Ma mère, Laurent Deglicourt (Le voyage minuscule 7/22)

© Laurent Deglicourt

Ma mère venait de rentrer en maison de retraite médicalisée. Vivre seule, à la merci de sa mémoire défaillante, devenait dangereux. Une place s’était libérée subitement et elle avait quitté Amiens du jour au lendemain, emportant juste quelques meubles et ses affaires. Tant que l’appartement n’était pas vendu, nous en profitions encore, mon fils et moi, quand je venais le voir. Ce lieu, désormais inhabité mais encore plein de la présence de ma mère, était devenu étrange. Je l’avais connu occupé par mon père et ma mère. Après le décès de mon père, contre toute attente, ma mère avait continué à y vivre seule, vaillamment d’abord puis de plus en plus difficilement.
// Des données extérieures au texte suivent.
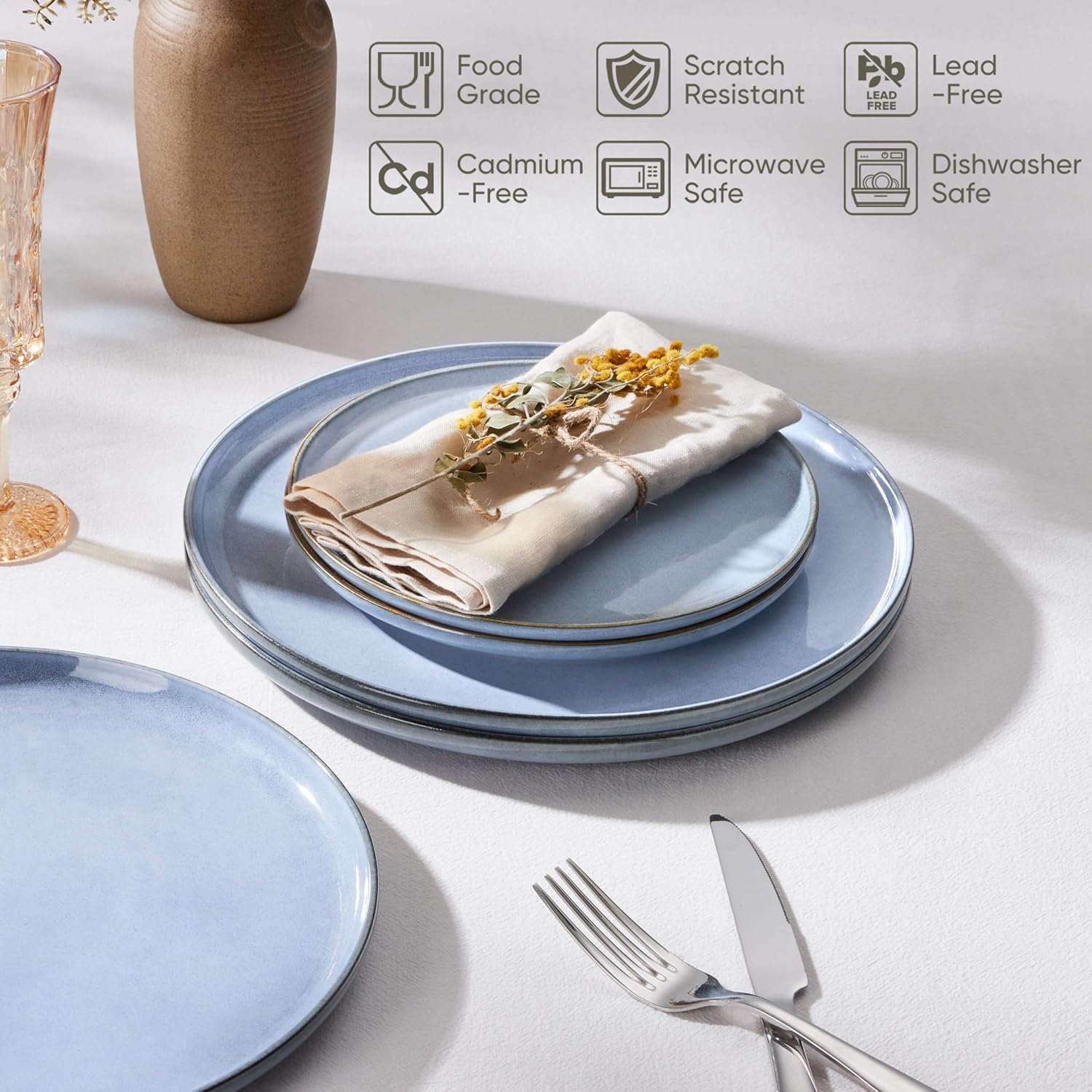 Herogo 6-Piece Stoneware Dinner Plates Set, 10.43" Ceramic Round Plate Set, Handmade Double Reactive Glaze Dinnerware Plates for Kitchen, Microwave, Oven and Dishwasher Safe, Haze Blue

Maintenant, c’était devenu une coquille vide, un simple pied-à-terre encombré de breloques. Bientôt, cet abandon allait encore s’accentuer : en prévision de la vente, les meubles furent donnés ou cédés. Ne demeuraient, dans ce qui ressemblait de plus en plus à un squat, qu’une table de camping, quelques chaises et deux matelas. Nous y avons bivouaqué quelques temps. Gabriel, le dimanche matin, révisait ses leçons au milieu de l’appartement vide.